== TO DO ==
Skip all pictures, then copy the lines from the start of the data through the line with "amazon.com | |", keeping both ends.

╭─ DATASET RECORDS

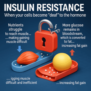 นี่คือผลกระทบที่อันตรายที่สุดครับ! อินซูลินคือฮอร์โมนที่ทำหน้าที่เหมือน “กุญแจ” ไขประตูเซลล์เพื่อนำสารอาหาร (จากอาหารที่เรากิน) เข้าไปเลี้ยงกล้ามเนื้อ การที่คุณอัดอาหารขยะเข้าไปตลอดเวลา ก็เหมือนการกระแทกประตูเซลล์ซ้ำๆ จน “รูกุญแจพัง” เซลล์จึงเริ่ม “ดื้อ” ต่ออินซูลิน (Insulin Resistance)
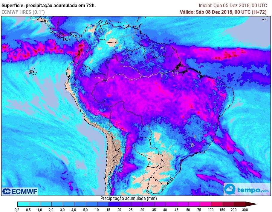 Nesta quarta-feira (05) chuvas já pela manhã ocorreram no norte do Mato Grosso, de Goiás e de Minas Gerais. No entanto, as chuvas mais intensas e volumosas vem ocorrendo na Bahia, Tocantins, Pará e no sul do Piauí e do Maranhão, com volumes até o momento de até 65mm. Na parte da tarde, as chuvas se tornam mais abrangentes e menos intensas, porém passam a ocorrer na metade norte do Mato Grosso e de Minas Gerais.
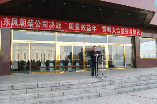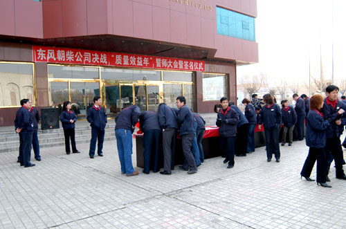 3月20日上午10点,东风朝柴公司决战"质量效益年"誓师大会暨签名仪式在21层办公大楼前举行。公司领导赵庄、李凤海、冯彦春、全体中干、劳动模范、模范共产党员及员工代表计200余人参加了誓师大会暨签名仪式。
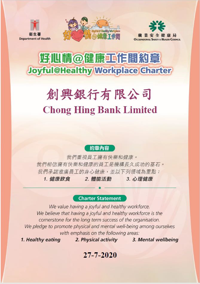 签署由卫生署、劳工处及职业安全健康局举办的“好心情@健康工作间”约章;
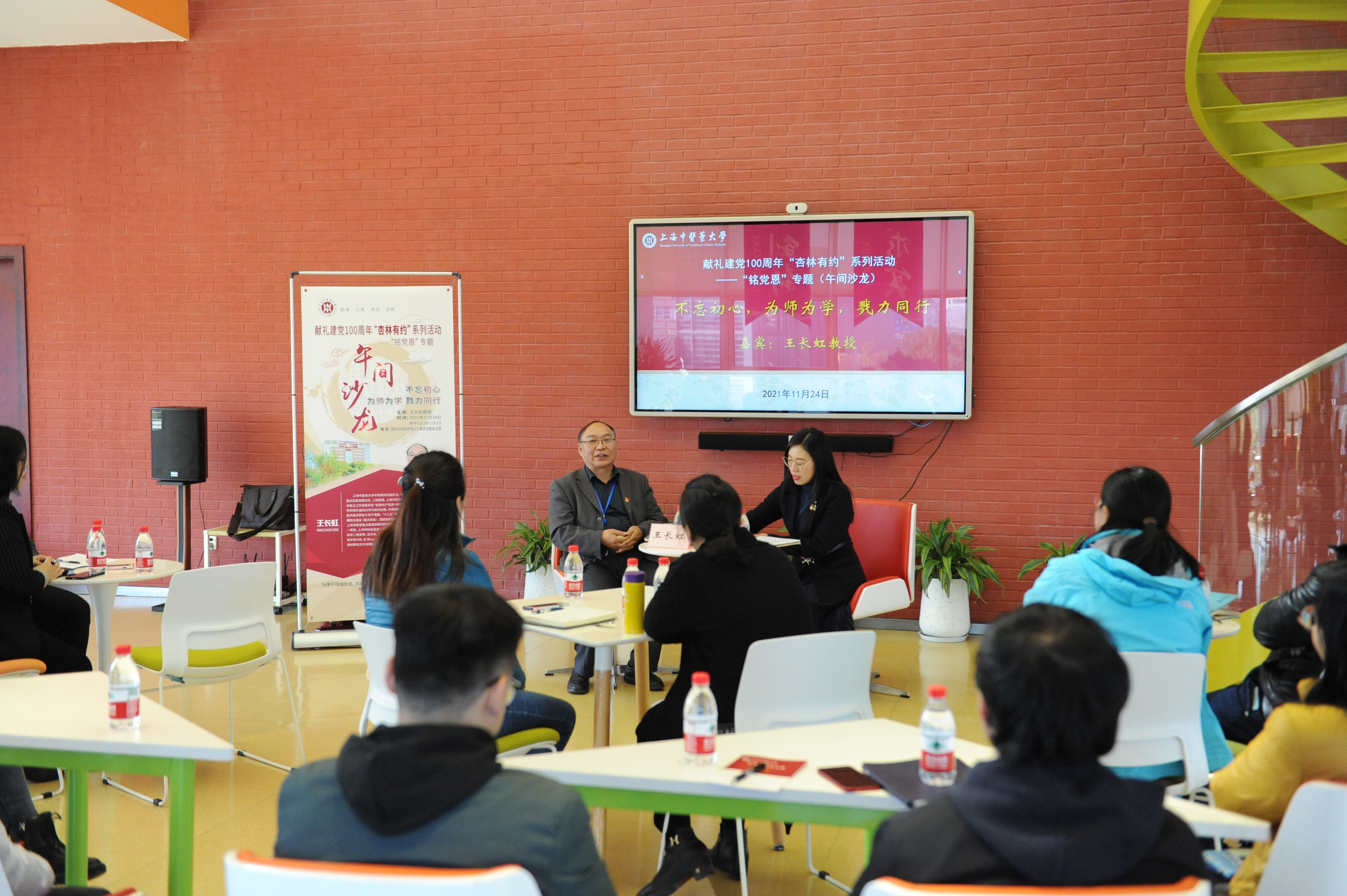 11月24日中午,天游ty8线路官网献礼建党100周年“杏林有约”系列活动之“铭党恩”专题午间沙龙在国际交流合作中心三楼多功能厅举行。天游ty8线路官网中药研究所副所长王长虹教授受邀和青年教师们分享“为人为师为学”的体会和感悟。活动由校党委教师工作部副部长刘虹主持。
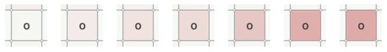 Figure 7 shows the color animation clue implementation of the prototype and Figure 8 shows single subfigures of the intermediate steps of the animation. The animation starts with alpha being zero and ends with the maximum value depending on the probability. This is the first half of the period. The figure does not show the second half when the alpha is decreasing again.
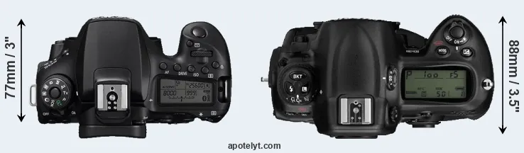 | 1. | Canon 90D | 141 mm | 105 mm | 77 mm | 701 g | 1300 | Y | Aug 2019 | US$ 1 199 | amazon.com | |
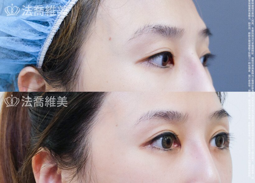 - 術後眼睛不自然 、 兩眼不對稱:術後可能因腫脹或疤痕問題,造成兩眼暫時性的不自然或不對稱,建議等 3至 6 個月,待疤痕軟化或完全消腫再做最後評估,通常雙眼不對稱需要進行二次修復的機率為 5%,人的器官多有天生性生理不對稱,加上大多是疤痕收縮造成。此為不可控制之因素,病患並無法要求雙眼 一定必須 100 %完全對稱 。

╰─

== SOLUTION TO THIS PROBLEM ==
 นี่คือผลกระทบที่อันตรายที่สุดครับ! อินซูลินคือฮอร์โมนที่ทำหน้าที่เหมือน “กุญแจ” ไขประตูเซลล์เพื่อนำสารอาหาร (จากอาหารที่เรากิน) เข้าไปเลี้ยงกล้ามเนื้อ การที่คุณอัดอาหารขยะเข้าไปตลอดเวลา ก็เหมือนการกระแทกประตูเซลล์ซ้ำๆ จน “รูกุญแจพัง” เซลล์จึงเริ่ม “ดื้อ” ต่ออินซูลิน (Insulin Resistance)
 Nesta quarta-feira (05) chuvas já pela manhã ocorreram no norte do Mato Grosso, de Goiás e de Minas Gerais. No entanto, as chuvas mais intensas e volumosas vem ocorrendo na Bahia, Tocantins, Pará e no sul do Piauí e do Maranhão, com volumes até o momento de até 65mm. Na parte da tarde, as chuvas se tornam mais abrangentes e menos intensas, porém passam a ocorrer na metade norte do Mato Grosso e de Minas Gerais.
 3月20日上午10点,东风朝柴公司决战"质量效益年"誓师大会暨签名仪式在21层办公大楼前举行。公司领导赵庄、李凤海、冯彦春、全体中干、劳动模范、模范共产党员及员工代表计200余人参加了誓师大会暨签名仪式。
 签署由卫生署、劳工处及职业安全健康局举办的“好心情@健康工作间”约章;
 11月24日中午,天游ty8线路官网献礼建党100周年“杏林有约”系列活动之“铭党恩”专题午间沙龙在国际交流合作中心三楼多功能厅举行。天游ty8线路官网中药研究所副所长王长虹教授受邀和青年教师们分享“为人为师为学”的体会和感悟。活动由校党委教师工作部副部长刘虹主持。
 Figure 7 shows the color animation clue implementation of the prototype and Figure 8 shows single subfigures of the intermediate steps of the animation. The animation starts with alpha being zero and ends with the maximum value depending on the probability. This is the first half of the period. The figure does not show the second half when the alpha is decreasing again.
 | 1. | Canon 90D | 141 mm | 105 mm | 77 mm | 701 g | 1300 | Y | Aug 2019 | US$ 1 199 | amazon.com | |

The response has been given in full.